Non a caso il protagonista del testo del Vangelo di Marco che la liturgia odierna ci propone, non ha un nome, viene indicato semplicemente con un pronome indefinito: è un tale. Come dirà lui stesso a Gesù, ha vissuto di traguardi: ha fatto tutto quello che si doveva fare, ha ascoltato le richieste degli altri, ha portato a termine i compiti che gli erano stati assegnati. Sono certamente tutte cose buone, ma scopre drammaticamente che tutto questo non lo ha reso felice.
L’unico linguaggio che ha imparato nella sua vita è quello del merito e del dovere: per lui la vita eterna è un diritto, un’eredità, qualcosa che mi spetta o che posso conquistare. Si rivolge a Gesù chiamandolo maestro. Gesù è l’ennesimo consigliere che dovrebbe assegnargli un nuovo compito da portare a termine. Gesù infatti lo invita a riflettere sul perché lo chiami buono, se buono è solo Dio: il problema è che per quest’uomo il dovere ha preso il posto di Dio. Non riesce a capire che quello che salva è la relazione, non il merito.
Davanti a tutta questa ostentazione dell’esteriorità e a questa esaltazione del fare e del dovere, Gesù semplicemente lo guarda dentro, quindi esattamente nella direzione opposta a quella indicata da quest’uomo. E dentro quest’uomo, Gesù vede probabilmente tanta fragilità, ma anche tanta bellezza, di cui forse lui stesso non si è accorto. Gesù lo ama a prescindere, lo ama prima che quest’uomo abbia accettato o meno la sua proposta. Questa successione degli eventi è fondamentale: Gesù mi ama perché vede quello che c’è dentro di me, vede la verità di me stesso. L’amore che Gesù ha per me non è il premio per quello che ho fatto.

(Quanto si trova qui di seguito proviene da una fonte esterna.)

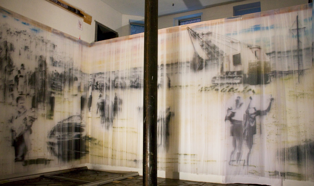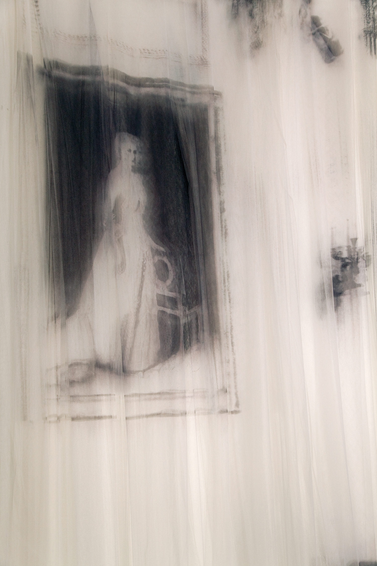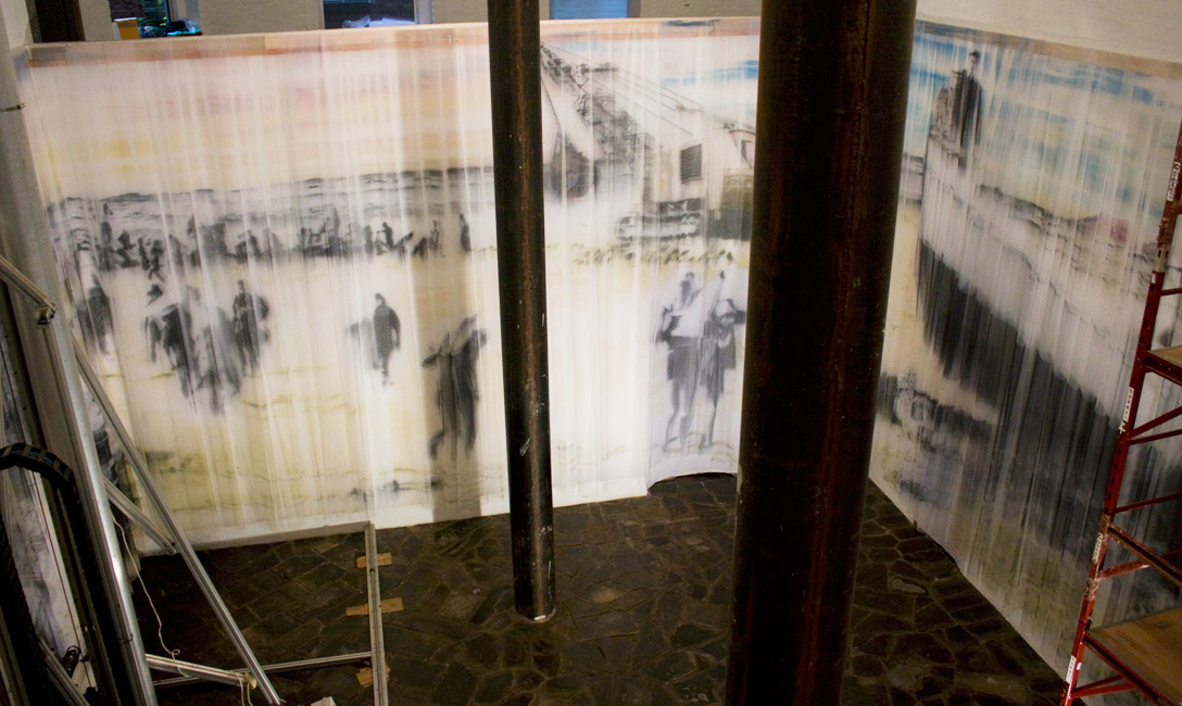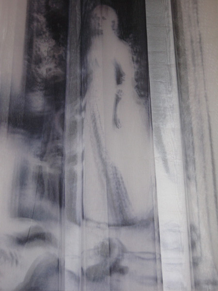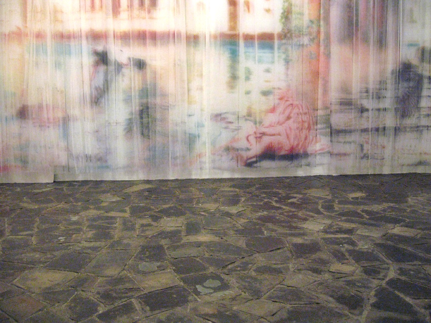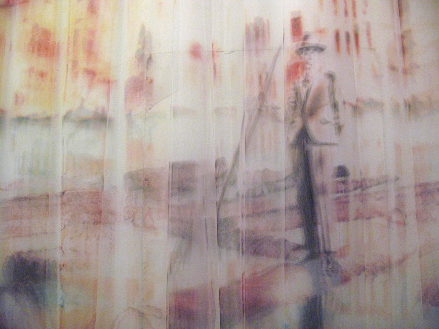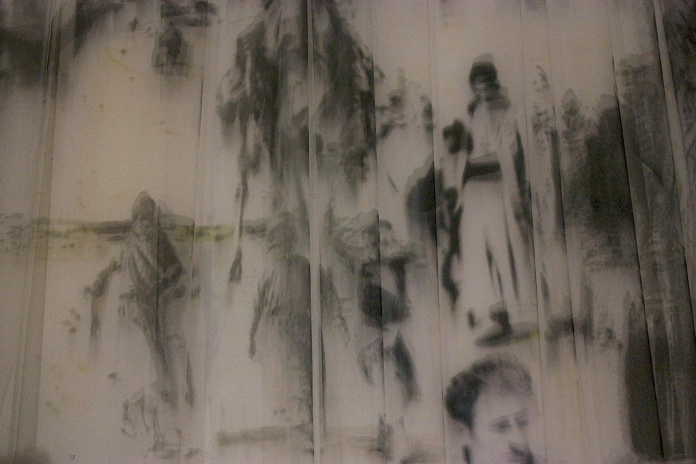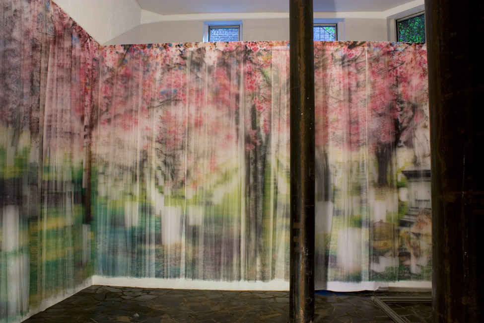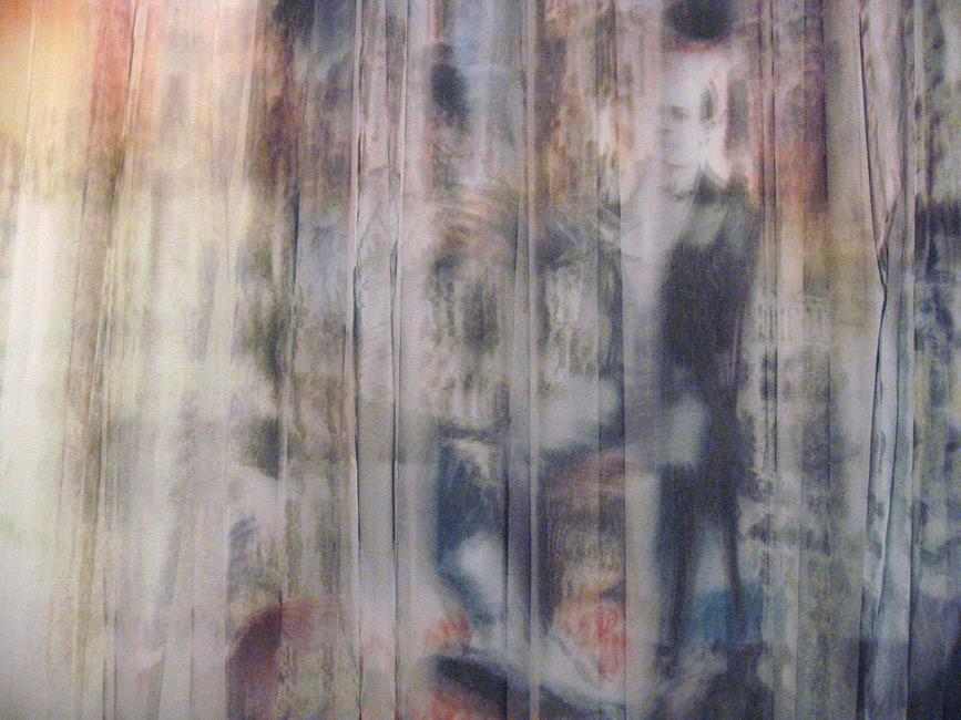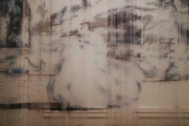 Rooms of wall size paintings in ink on pleated illusion (tulle curtains),

Dentro quest’uomo, Gesù vede quello che realmente gli manca: egli desidera essere amato. E Gesù gli propone di cambiare modo di pensare: non si tratta di comprare una nuova ricetta, ma di vendere anche quelle che finora mi hanno distrutto la vita; non si tratta di avere un nuovo traguardo da raggiungere, ma di dare via anche quelli che finora mi hanno fatto vivere nell’ansia e nella frustrazione; non si tratta di pensare a cosa devo fare io, ma di seguire un altro, cioè di costruire una relazione, uscendo dal ripiegamento su se stesso.

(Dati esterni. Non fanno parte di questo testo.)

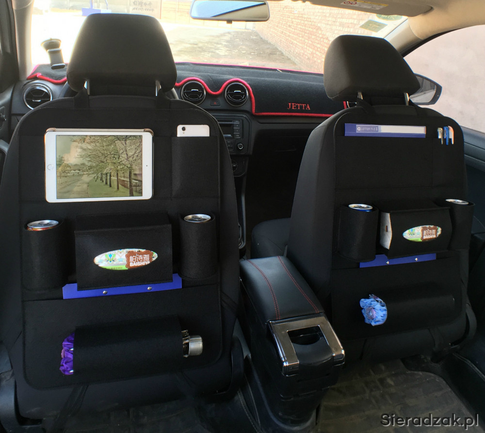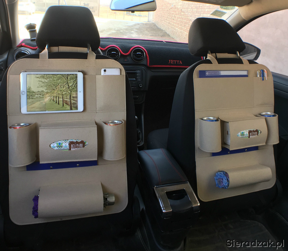 Organizer może pomieścić mniej lub bardziej potrzebne rzeczy w podróży typu: długopisy, mapy, czasopisma, przekąski, kanapki, napoje w butelkach i puszkach, smartfony, tablet, składany parasol itp.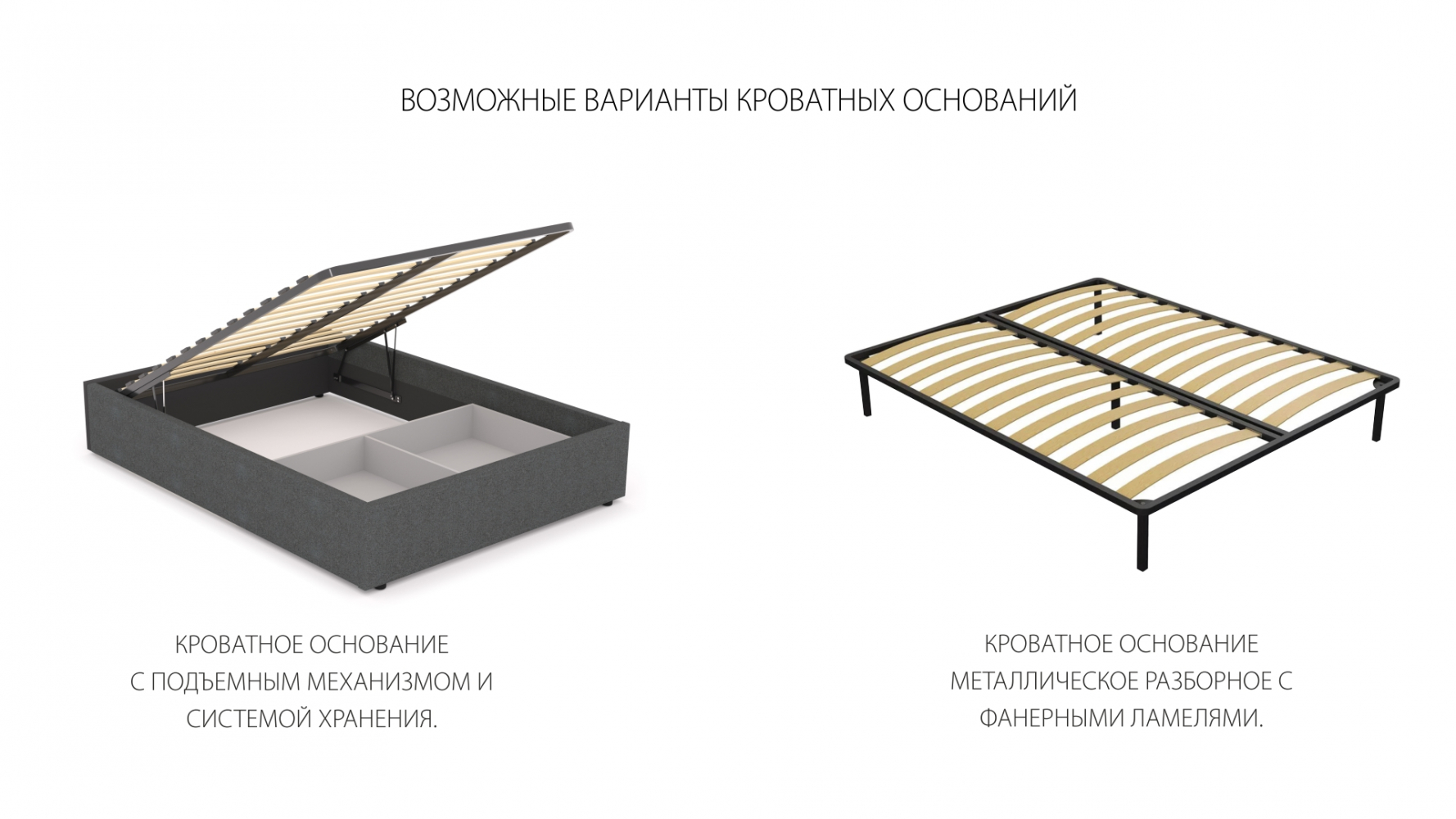 Кроватное основание с подъёмным механизмом и системой хранения.

Non è facile. E infatti quest’uomo preferisce non decidere, ma tornare nell’anonimato, rimane un tale. Perché solo in una relazione facciamo l’esperienza di essere chiamati per nome, di essere riconosciuti. Fino a quando resteremo da soli, non sentiremo mai pronunciare il nostro nome! Se ne va triste, perché una vita anonima, in cui non si decide mai, è una vita triste.
Anche i discepoli però sono sconcertati per quello che Gesù sta proponendo come via verso la felicità. È come se le parole di Gesù avessero improvvisamente fatto luce nella loro vita. Anche loro, che hanno seguito Gesù fino a quel momento, si rendono conto che in realtà non hanno mai lasciato le loro ricchezze. È proprio così: possiamo anche aver seguito il Signore, ma non aver tagliato con i nostri legami precedenti e la sequela diventa faticosa.
Per questo Gesù propone anche ai discepoli di lasciare, perché è l’unica via che ci fa rendere conto di quanto solo Dio possa essere il fondamento della nostra vita. Solo se tagliamo le nostre inutili zavorre, possiamo prendere il volo. Solo liberandoci dalle ansie di prestazione, possiamo cominciare fin d’ora a essere felici.